━━ ENTRIES PROVIDED ━━

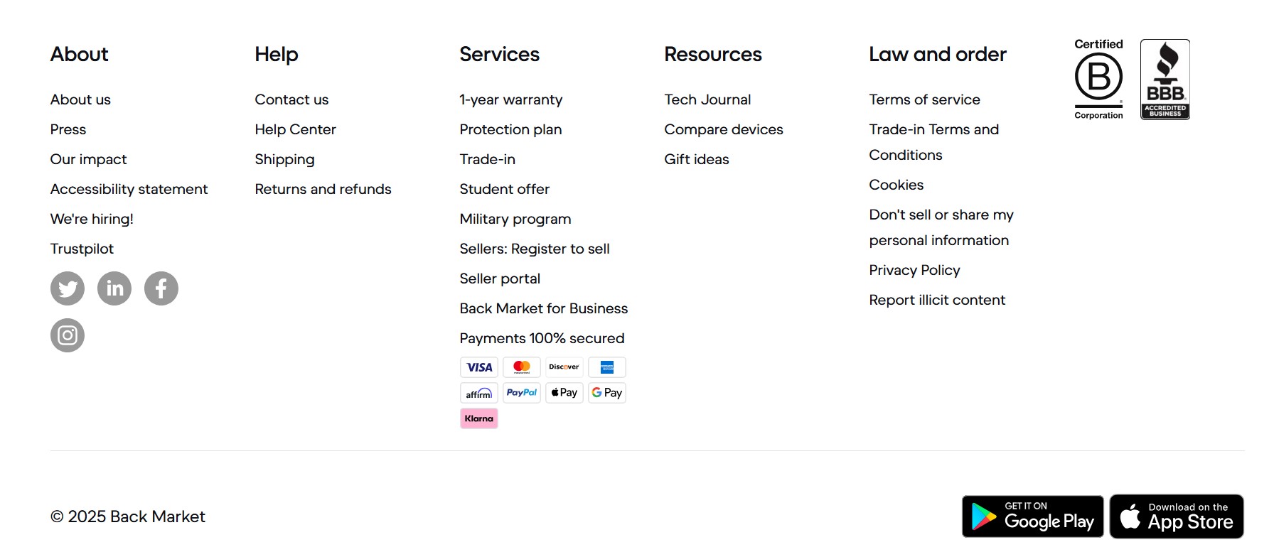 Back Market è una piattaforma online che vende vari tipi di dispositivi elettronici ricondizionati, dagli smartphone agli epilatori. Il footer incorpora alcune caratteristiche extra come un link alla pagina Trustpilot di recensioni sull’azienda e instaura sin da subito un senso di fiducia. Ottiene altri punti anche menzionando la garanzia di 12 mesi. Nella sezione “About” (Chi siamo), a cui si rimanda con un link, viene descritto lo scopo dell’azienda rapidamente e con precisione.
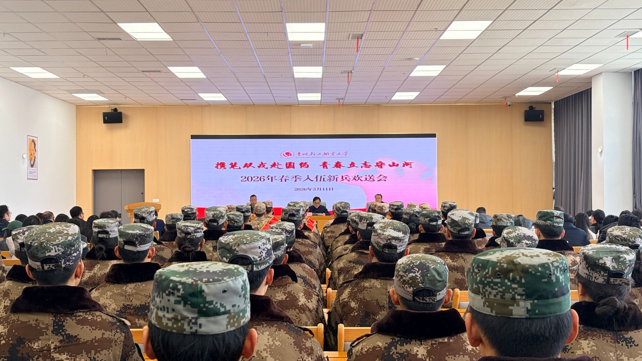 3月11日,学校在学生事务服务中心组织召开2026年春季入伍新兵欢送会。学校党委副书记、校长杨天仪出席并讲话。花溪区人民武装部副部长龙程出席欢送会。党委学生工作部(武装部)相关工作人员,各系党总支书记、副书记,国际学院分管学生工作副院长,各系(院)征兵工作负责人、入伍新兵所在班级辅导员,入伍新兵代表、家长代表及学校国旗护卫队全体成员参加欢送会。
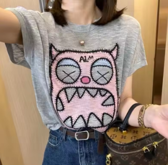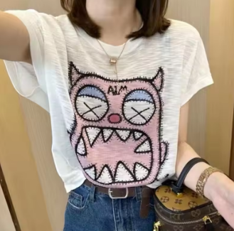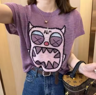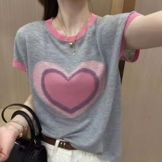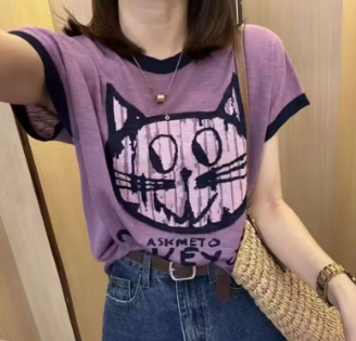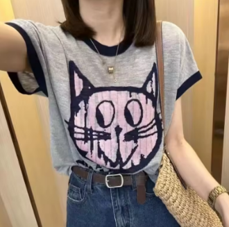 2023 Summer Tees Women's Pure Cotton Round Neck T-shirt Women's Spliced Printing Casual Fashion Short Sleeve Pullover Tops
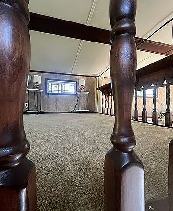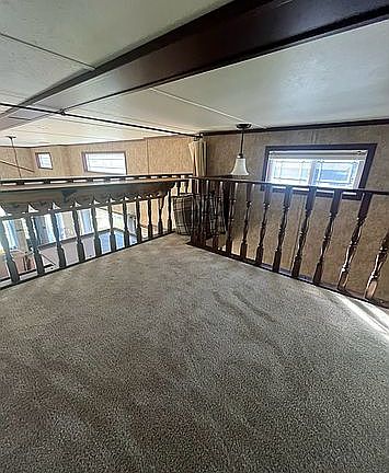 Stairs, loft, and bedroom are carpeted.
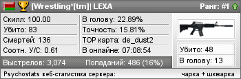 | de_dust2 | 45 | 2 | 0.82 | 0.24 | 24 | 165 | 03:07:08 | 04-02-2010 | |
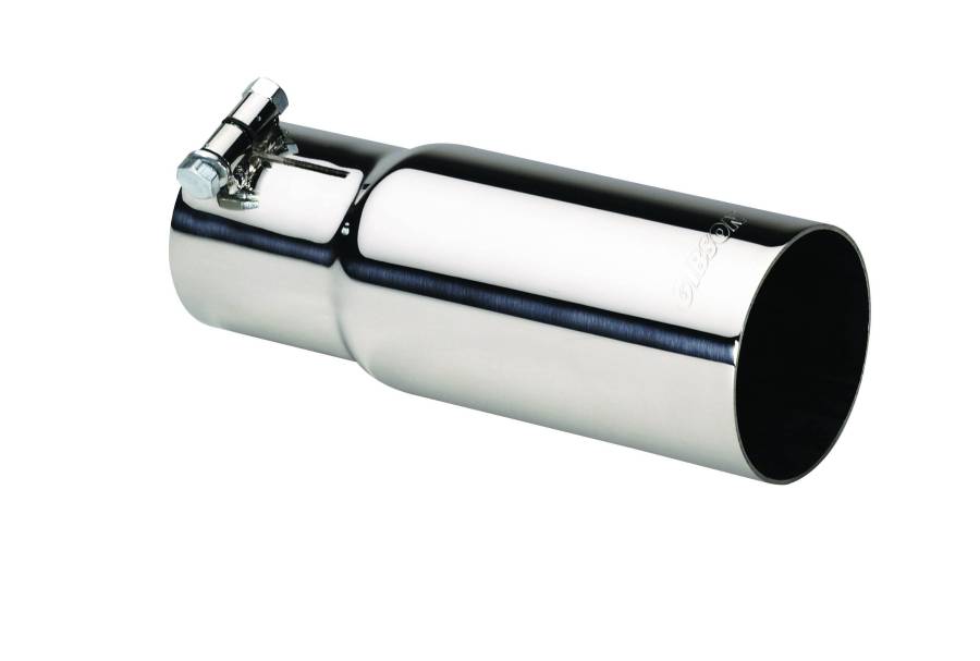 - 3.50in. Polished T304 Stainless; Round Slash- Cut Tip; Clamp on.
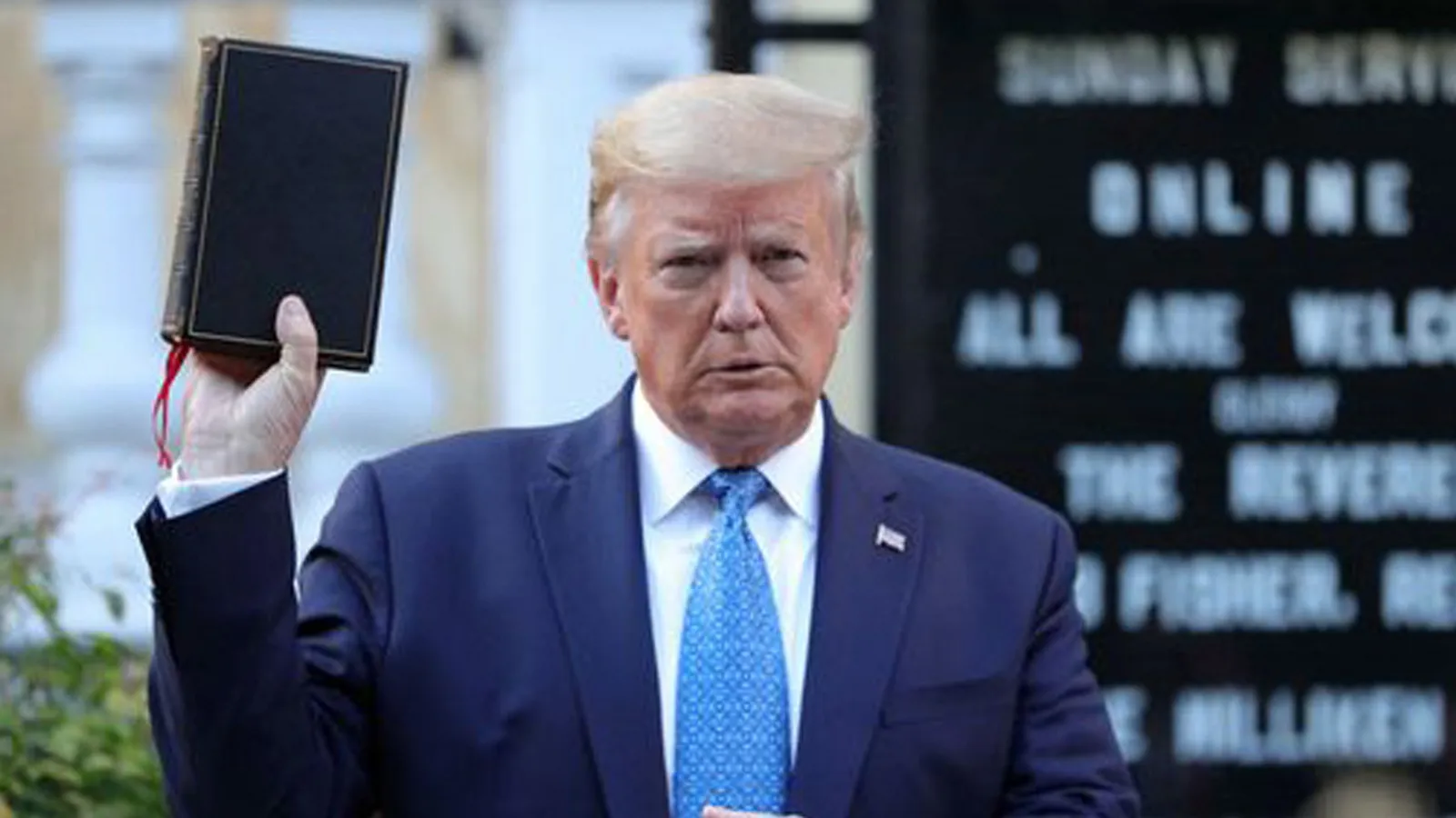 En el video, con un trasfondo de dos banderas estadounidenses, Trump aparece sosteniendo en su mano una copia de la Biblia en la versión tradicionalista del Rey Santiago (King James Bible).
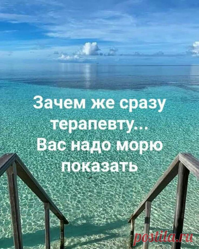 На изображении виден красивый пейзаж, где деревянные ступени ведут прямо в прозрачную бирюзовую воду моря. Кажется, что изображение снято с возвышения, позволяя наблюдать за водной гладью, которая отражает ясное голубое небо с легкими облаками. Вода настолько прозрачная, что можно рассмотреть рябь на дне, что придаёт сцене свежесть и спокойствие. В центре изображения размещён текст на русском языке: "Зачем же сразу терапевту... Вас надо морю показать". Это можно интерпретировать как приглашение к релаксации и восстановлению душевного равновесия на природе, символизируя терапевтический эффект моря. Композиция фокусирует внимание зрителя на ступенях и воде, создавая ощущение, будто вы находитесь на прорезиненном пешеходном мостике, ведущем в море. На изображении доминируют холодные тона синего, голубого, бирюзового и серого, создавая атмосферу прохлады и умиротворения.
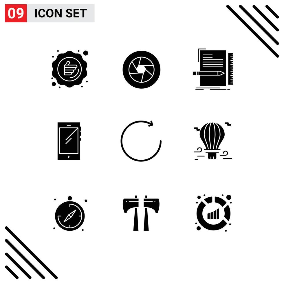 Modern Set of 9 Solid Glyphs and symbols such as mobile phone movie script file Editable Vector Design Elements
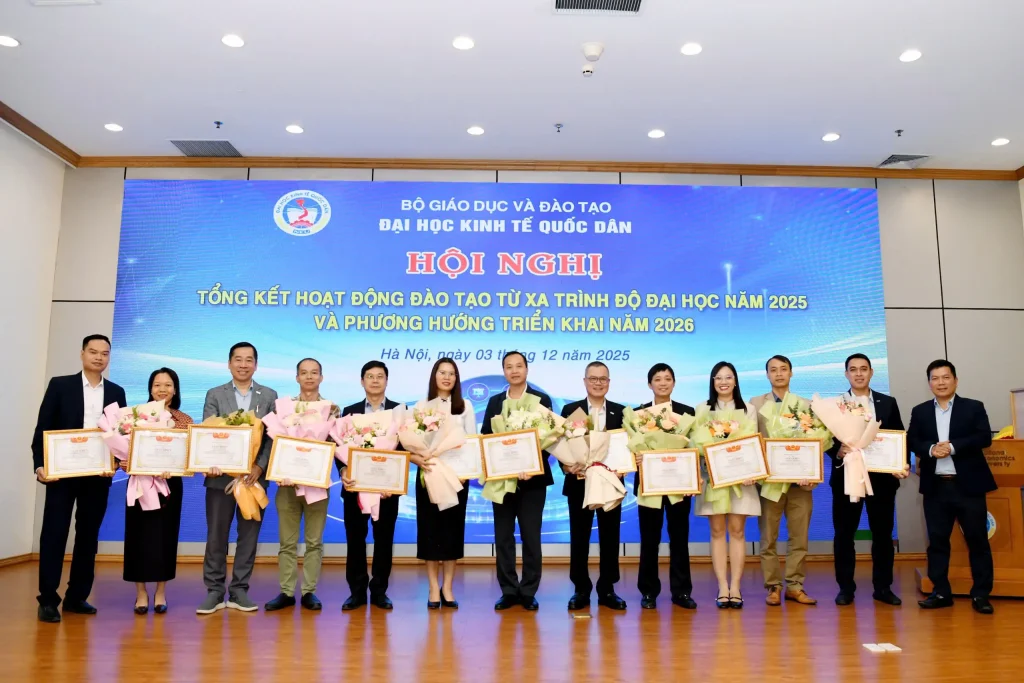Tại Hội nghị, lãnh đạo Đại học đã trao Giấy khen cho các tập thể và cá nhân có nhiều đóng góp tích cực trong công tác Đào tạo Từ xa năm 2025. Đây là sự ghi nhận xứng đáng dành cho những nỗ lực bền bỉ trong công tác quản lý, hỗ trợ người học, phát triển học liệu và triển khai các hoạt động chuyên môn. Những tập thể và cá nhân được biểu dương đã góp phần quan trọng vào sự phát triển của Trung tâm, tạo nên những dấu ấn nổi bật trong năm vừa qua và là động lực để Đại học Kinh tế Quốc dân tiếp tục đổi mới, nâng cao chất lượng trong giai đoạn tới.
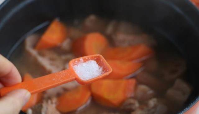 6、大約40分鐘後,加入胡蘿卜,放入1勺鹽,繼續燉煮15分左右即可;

━━━

• GOAL OF THE EXERCISE:
Every line above between the one containing "En el video, con" and the one containing "Modern Set of", those two included, is to be printed exactly. No pictures go into the copy.

• RESPONSE TO THE TASK:
 En el video, con un trasfondo de dos banderas estadounidenses, Trump aparece sosteniendo en su mano una copia de la Biblia en la versión tradicionalista del Rey Santiago (King James Bible).
 На изображении виден красивый пейзаж, где деревянные ступени ведут прямо в прозрачную бирюзовую воду моря. Кажется, что изображение снято с возвышения, позволяя наблюдать за водной гладью, которая отражает ясное голубое небо с легкими облаками. Вода настолько прозрачная, что можно рассмотреть рябь на дне, что придаёт сцене свежесть и спокойствие. В центре изображения размещён текст на русском языке: "Зачем же сразу терапевту... Вас надо морю показать". Это можно интерпретировать как приглашение к релаксации и восстановлению душевного равновесия на природе, символизируя терапевтический эффект моря. Композиция фокусирует внимание зрителя на ступенях и воде, создавая ощущение, будто вы находитесь на прорезиненном пешеходном мостике, ведущем в море. На изображении доминируют холодные тона синего, голубого, бирюзового и серого, создавая атмосферу прохлады и умиротворения.
 Modern Set of 9 Solid Glyphs and symbols such as mobile phone movie script file Editable Vector Design Elements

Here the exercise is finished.